She saw Kent dancing with another girl, but she noticed he went back to “their” table alone. She brought more cookies from the kitchen before she joined him again. “Sorry. Mrs. Lowe is working short-handed tonight.”
“She told me. It’s okay. Can you sit down again for a few minutes?”
Celeste nodded.
“I love you, Velvet. Just holding you in my arms again makes me want to never let you go.”
“Kent…”
He held up his hand to silence her. “I’ve thought about it a lot. Why do people fall in love? Do you know?”
She shook her head.
“I think I loved you the minute I looked up and saw you leaning out the window at Woolworth after you dropped the apple on my head. And then when I saw you on the sidewalk outside Cox-Rushing-Greer, with your nose pressed against the window, wanting that dress so bad you could taste it... But I know for sure I loved you from the minute I saw you in it at the Roof Garden.”
“I used to dream about a blue velvet curtain and a faceless man wanting to take me behind it. That night, he had your face.”
“Really?”
“Really.”
“You never told me that before.”
“It was the silly sort of thing a girl does. It wasn’t important.”
“You still look like yourself, but you’re not the same.”
“I guess I’ve grown up. You said I needed to.”
“I needed to grow up, too. I thought I’d done it, but I was wrong.”
“What do you mean?”
“I mean, I had an ego this big.” He made a box with his hands. “I thought I’d taken over after Dad died. Looked after Neil, put up with Mother running my life. I guess I thought I was entitled to whatever I wanted.”
“Claudia.” The name hung between them for a few minutes.
“Yeah.” He took a couple of deep breaths. “But I wasn’t smart enough to make sure nothing came of it.”
Her face flamed.
“Sorry. Didn’t mean to embarrass you.” He smiled. “But I kind of like it that you still blush. It’s sweet. That much hasn’t changed.” His smile faded. “I found out I wasn’t as big as I thought I was. When she told me she was…”
“Kent, maybe we should save this conversation for another time.”
“Will there be another time?”
“You know where I am.”
“But he’s there, too. The boy.”
“That’s right.”
He looked away.
“Do you need your car?”
“It’s your car. I gave it to you. Besides, I took some of my back pay from when I was MIA and bought another one when I got home. It’ll get me back and forth from the field.”
“What about after the war? Are you going to college? I hear the government is paying for soldiers to go to school.”
“I might. I don’t know if I want to sell plumbing supplies all my life, although I’m darned good at it. What about you? Are you going to work at Woolworth forever?”
“It’s a good steady job, and I got a raise.”
“Dance with me one more time?”
She thought she should say no, but the next thing she knew, she was in his arms, wanting to stay there forever.
Chapter Twenty-Five
Celeste wasn’t sure if she was disappointed or relieved when Kent didn’t come to church the next morning.

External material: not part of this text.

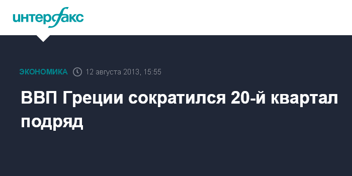 12 августа. FINMARKET.RU - В апреле-июне 2013 года экономика Греции сократилась 20-й квартал подряд.

After lunch, she read to Jonny from one of his new library books. When he went off to his room to play with the set of cars for which they’d made a garage out of two shoeboxes taped together, she sat down and tried to lose herself in a fashion magazine Veda had loaned her.
Her eyes crawled over the same page three times before she gave up.
I’m glad you made it back safely, Kent, but why did you have to come here? Why couldn’t things have just ended like they were? You want me, but you don’t want Jonny, and I’m not going to give him up. Whether or not he’s part of you, he’s part of me now.
When the phone rang later, she hoped it was Kent—and hoped it wasn’t. “Velvet?”
“Hello, Kent.”
“I just wanted to tell you how much I enjoyed seeing you last night.” His tone was oddly formal.
“I enjoyed seeing you, too.”
“Are you busy? I mean, I’m in town, and we could meet somewhere.”
“I’m home with Jonny, like I am whenever I’m not working.”
“Doesn’t that sort of tie you down?”
“You know I wasn’t out running around before.”
“Right. Well, I just thought maybe we could take a ride and talk.”
“I can’t.”
“You don’t have anybody who could watch him for a couple of hours?”
“Sometimes my neighbor helps out, but she took care of him for me to come to the Canteen last night. I don’t want to ask her again so soon.”
“Oh.”
“You could come over here, Kent. I have to fix supper anyway.”
The silence lasted so long that she thought he’d put the phone down and walked away. Finally he said, “You know I can’t do that.”
“I know you don’t want to. I think I understand.”
“Do you? I don’t. I understood why you were mad at me over Claudia, but I don’t understand why you took in her kid.”
“I tried to explain it to you.”
“That you felt some sort of tie to him because of your father? I don’t see it.”
“It started out that way, but now he’s mine. We’re a family. He loves the ranch, and everybody there loves him, and…”
The click on the other end of the line told her Kent had hung up.
****
On July 4, Celeste took Jonny to Santa Fe Park to see the fireworks. The Thomases, already there and set up in a prime spot, waved them over. “Hello there, young man,” Mr. Thomas said.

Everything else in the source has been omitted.